* [Task details] Apart from the pictures, reproduce the data below exactly as it stands.

* [Stored data]

========================

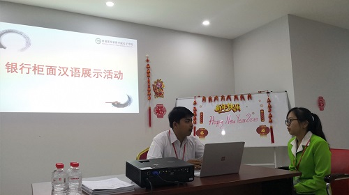 2018年12月29日下午,为检测学员本学期学习成果、体验汉语的文化传播功能、培养学员的汉语交际能力,柬埔寨皇家科学院孔子学院加华集团汉语中心在奥林匹亚城举办了“迎新年,银行柜面服务汉语展示”主题文化活动。由加华集团银行、工程、物流和物业管理等部门的优秀职员组成的加华集团汉语教学中心高级班学员参加了本次活动。
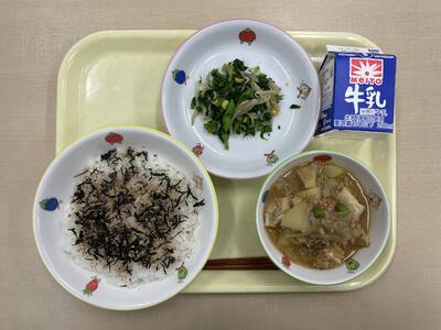 ご飯 手作りヒジキふりかけ 生揚げの肉味噌煮 菜の花の辛し和え 牛乳 です。
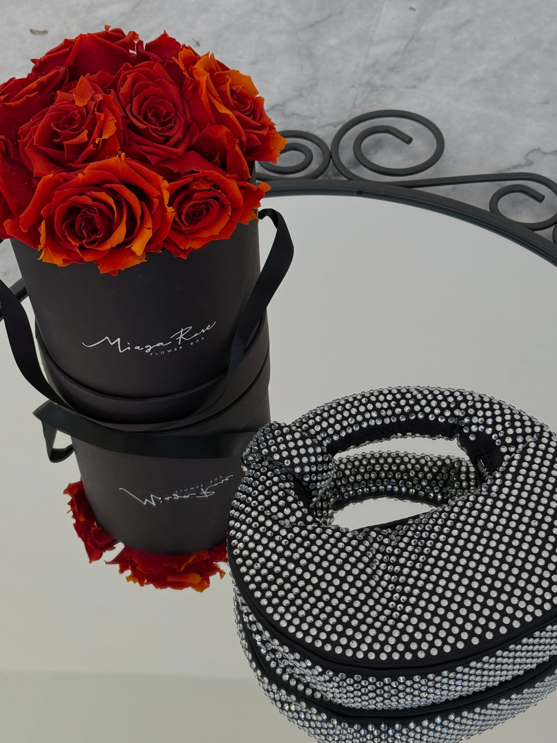 Mini bag a forma rotonda, interamente rivestita di strass luminosi applicati su base nera. Manico corto con nodo decorativo, chiusura superiore con zip. Struttura morbida ma compatta, pensata per essere portata a mano o al polso.

========================

* [Exercise solution]
 2018年12月29日下午,为检测学员本学期学习成果、体验汉语的文化传播功能、培养学员的汉语交际能力,柬埔寨皇家科学院孔子学院加华集团汉语中心在奥林匹亚城举办了“迎新年,银行柜面服务汉语展示”主题文化活动。由加华集团银行、工程、物流和物业管理等部门的优秀职员组成的加华集团汉语教学中心高级班学员参加了本次活动。
 ご飯 手作りヒジキふりかけ 生揚げの肉味噌煮 菜の花の辛し和え 牛乳 です。
 Mini bag a forma rotonda, interamente rivestita di strass luminosi applicati su base nera. Manico corto con nodo decorativo, chiusura superiore con zip. Struttura morbida ma compatta, pensata per essere portata a mano o al polso.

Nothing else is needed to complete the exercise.